START Dataset excerpt
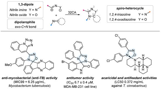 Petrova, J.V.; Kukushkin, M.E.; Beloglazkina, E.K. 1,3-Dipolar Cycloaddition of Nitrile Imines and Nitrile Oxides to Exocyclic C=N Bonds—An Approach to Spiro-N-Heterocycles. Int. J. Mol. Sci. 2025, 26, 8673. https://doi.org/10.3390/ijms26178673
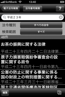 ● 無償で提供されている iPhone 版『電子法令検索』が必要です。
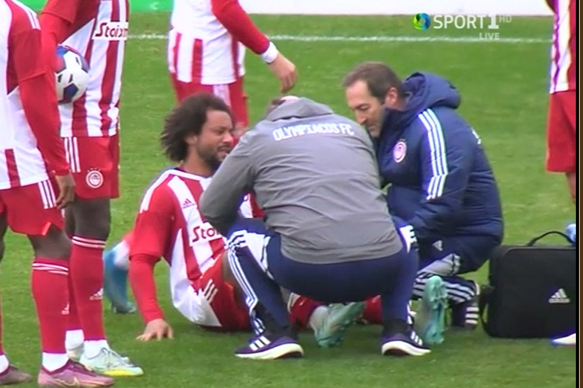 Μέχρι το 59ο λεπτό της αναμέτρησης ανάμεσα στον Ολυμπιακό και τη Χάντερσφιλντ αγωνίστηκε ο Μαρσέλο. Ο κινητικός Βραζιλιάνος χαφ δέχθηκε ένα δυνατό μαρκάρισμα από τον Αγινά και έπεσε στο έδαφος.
END Dataset excerpt
Exercise objective —
Write every line above again exactly, but leave the pictures out.

Written answer —
 Petrova, J.V.; Kukushkin, M.E.; Beloglazkina, E.K. 1,3-Dipolar Cycloaddition of Nitrile Imines and Nitrile Oxides to Exocyclic C=N Bonds—An Approach to Spiro-N-Heterocycles. Int. J. Mol. Sci. 2025, 26, 8673. https://doi.org/10.3390/ijms26178673
 ● 無償で提供されている iPhone 版『電子法令検索』が必要です。
 Μέχρι το 59ο λεπτό της αναμέτρησης ανάμεσα στον Ολυμπιακό και τη Χάντερσφιλντ αγωνίστηκε ο Μαρσέλο. Ο κινητικός Βραζιλιάνος χαφ δέχθηκε ένα δυνατό μαρκάρισμα από τον Αγινά και έπεσε στο έδαφος.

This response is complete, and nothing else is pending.